■ DATA TO PROCESS
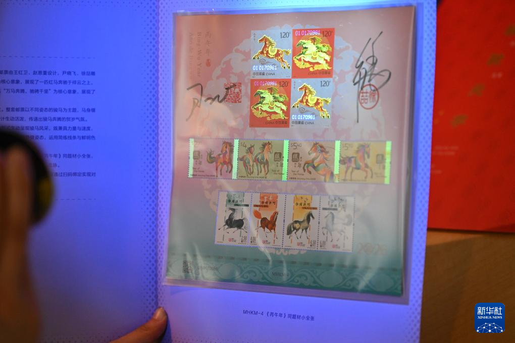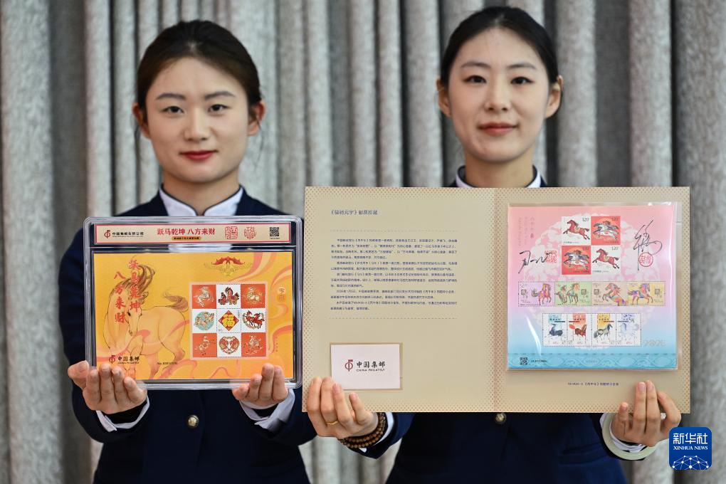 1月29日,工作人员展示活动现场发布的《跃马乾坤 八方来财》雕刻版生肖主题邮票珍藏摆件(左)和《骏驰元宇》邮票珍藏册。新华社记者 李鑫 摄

---

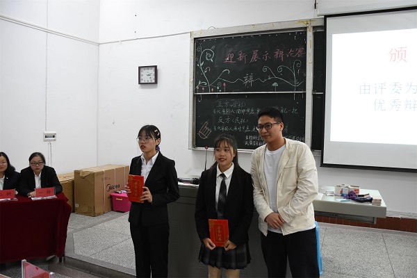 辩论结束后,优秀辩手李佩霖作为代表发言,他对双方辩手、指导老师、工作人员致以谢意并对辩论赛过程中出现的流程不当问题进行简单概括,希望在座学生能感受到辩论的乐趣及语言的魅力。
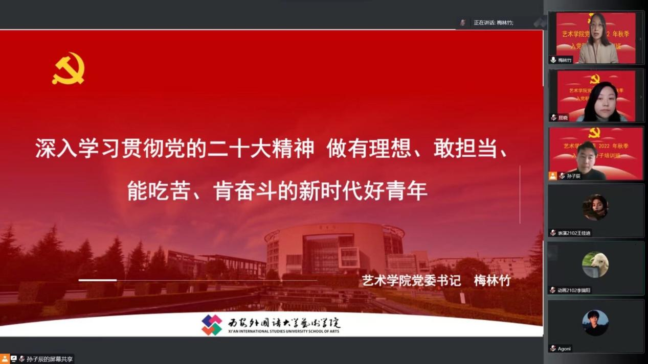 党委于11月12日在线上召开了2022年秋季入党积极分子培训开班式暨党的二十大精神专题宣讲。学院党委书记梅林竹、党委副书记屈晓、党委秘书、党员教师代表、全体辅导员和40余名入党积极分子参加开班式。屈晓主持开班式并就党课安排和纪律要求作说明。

■ WORK ORDER
Text only, no pictures: please print exactly the lines above from the line with "辩论结束后,优秀辩手李佩霖作" up to and including the line with "党委于11月12日在线上召开", and nothing else.

■ FINISHED EXERCISE
 辩论结束后,优秀辩手李佩霖作为代表发言,他对双方辩手、指导老师、工作人员致以谢意并对辩论赛过程中出现的流程不当问题进行简单概括,希望在座学生能感受到辩论的乐趣及语言的魅力。
 党委于11月12日在线上召开了2022年秋季入党积极分子培训开班式暨党的二十大精神专题宣讲。学院党委书记梅林竹、党委副书记屈晓、党委秘书、党员教师代表、全体辅导员和40余名入党积极分子参加开班式。屈晓主持开班式并就党课安排和纪律要求作说明。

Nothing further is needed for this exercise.